[Interest] wss:// on localhost

Mårten Nordheim marten.nordheim at qt.io
Mon Jul 27 15:45:31 CEST 2020


Hello Alexander,

I don't know (or recall) what your setup is like. The following answer assumes the website you refer to also runs on the local machine:

Somewhat going in the other direction I'd say wss/https is not necessary if your application actually only listens to localhost (127.0.0.1/[::1]).
It won't travel across the network at that point, and if the local machine is compromised encryption doesn't matter much.

If you are listening to other addresses as well though (to let other clients in the network connect as well) then you need to generate certificates
that includes the hostname or IP of the machine running the server since "localhost" is no longer enough/correct for that.

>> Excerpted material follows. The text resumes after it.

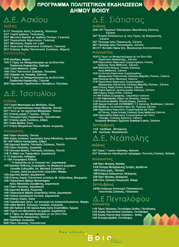 Το Καλοκαιρινό Πολιτιστικό Πρόγραμμα του Δήμου Βοΐου μαζί με το Φεστιβάλ Fiesta Voio, αποτελούν την πιο ολοκληρωμένη πρόταση πολιτισμού και διασκέδασης.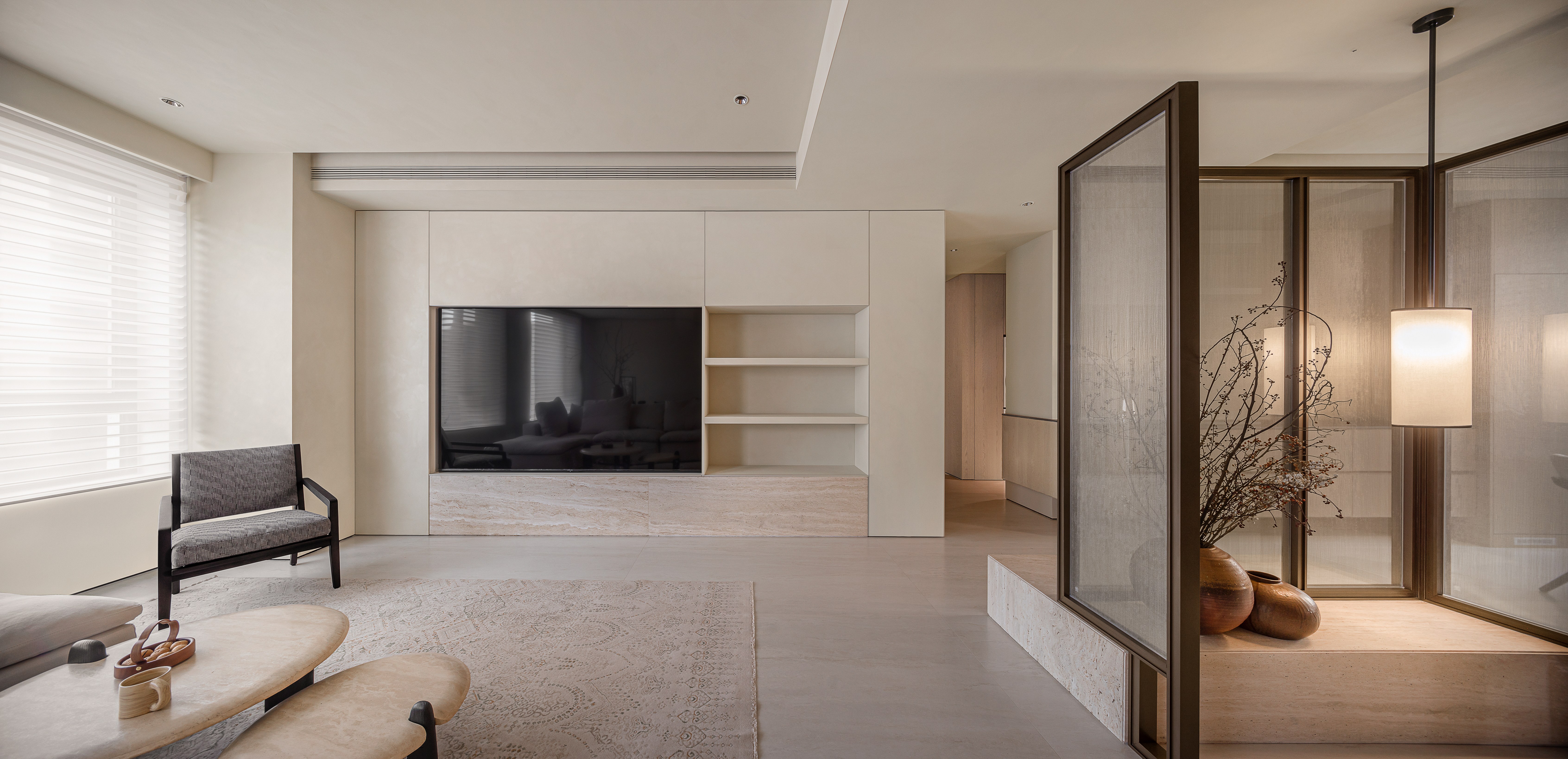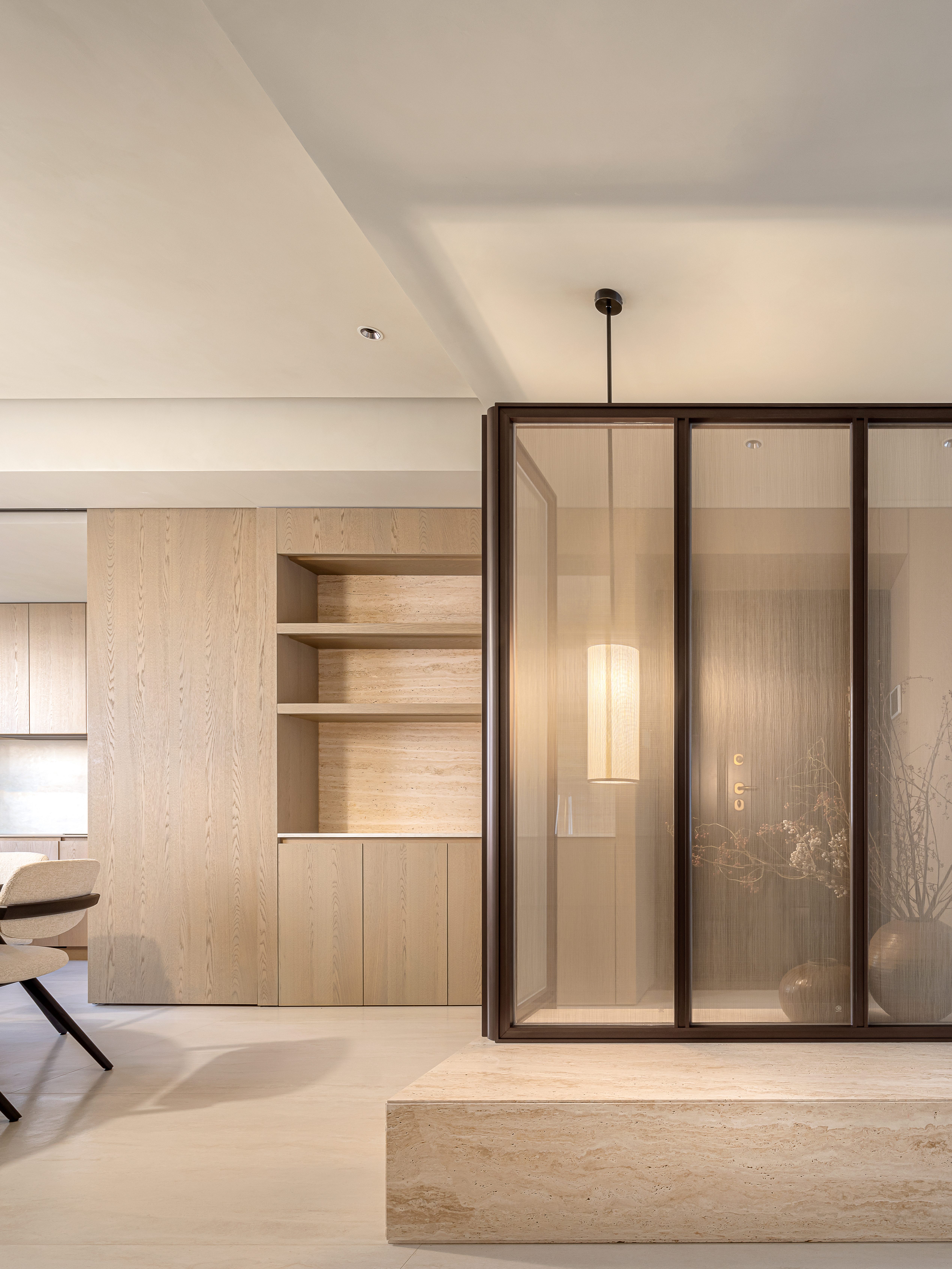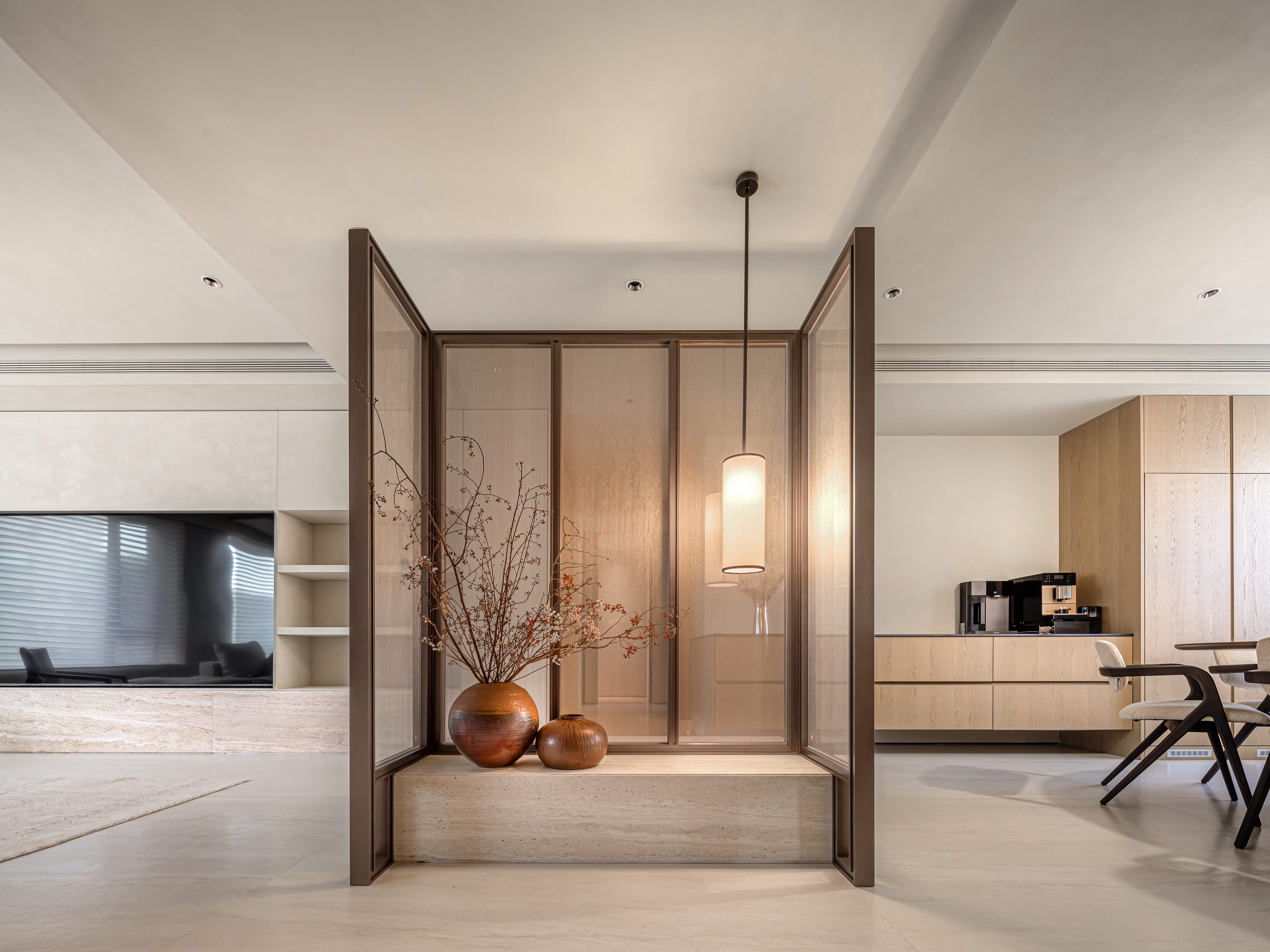 空间意境:空间处处藏匿东方哲思:电视墙柜体整面超强收纳,入户玄关夹绢玻璃屏风质感典雅朦胧

However if the website is remote and you run attempt to connect to a websocket on the local machine then it needs to be encrypted and Thiago's
suggestion will get you most of the way. You will also need to get the OS to trust the certificate for the browser to accept it as well. Usually with
untrusted certificates browsers will show a warning and let you ignore it, but that doesn't happen in most browsers when opening a websocket
connection in the background!

Mårten

________________________________________
From: Interest <interest-bounces at qt-project.org> on behalf of Alexander Carôt <alexander_carot at gmx.net>
Sent: Tuesday, July 21, 2020 19:32
To: Thiago Macieira
Cc: Paul Pfützenreuter; interest at qt-project.org
Subject: Re: [Interest] wss:// on localhost

Hej Thiago,

> Whether they work or not is irrelevant, since you shouldn't be shipping the
> same certificate to all users. You'd have to make it extremely long-lived
> (expiry 20 years from now). Generating a short-lived one (3 months) limits the
> damage if it somehow gets misused.


just to avoid misunderstandings: The goal is not sending existing certificates as part of the application download but rather generate the certificte automatically upon launching the app ?


> There are lots of examples on the Internet on how to do this with the openssl
> command. You'll have to find out how to do it with the API, if you don't want
> to ship the command.


If my assumption above is right then any kind of automized process would be fine to me - e.g. running the openssl command as part of a script, which is executed before launching the application or probably generate the certificate within the app code which would be even more convenient.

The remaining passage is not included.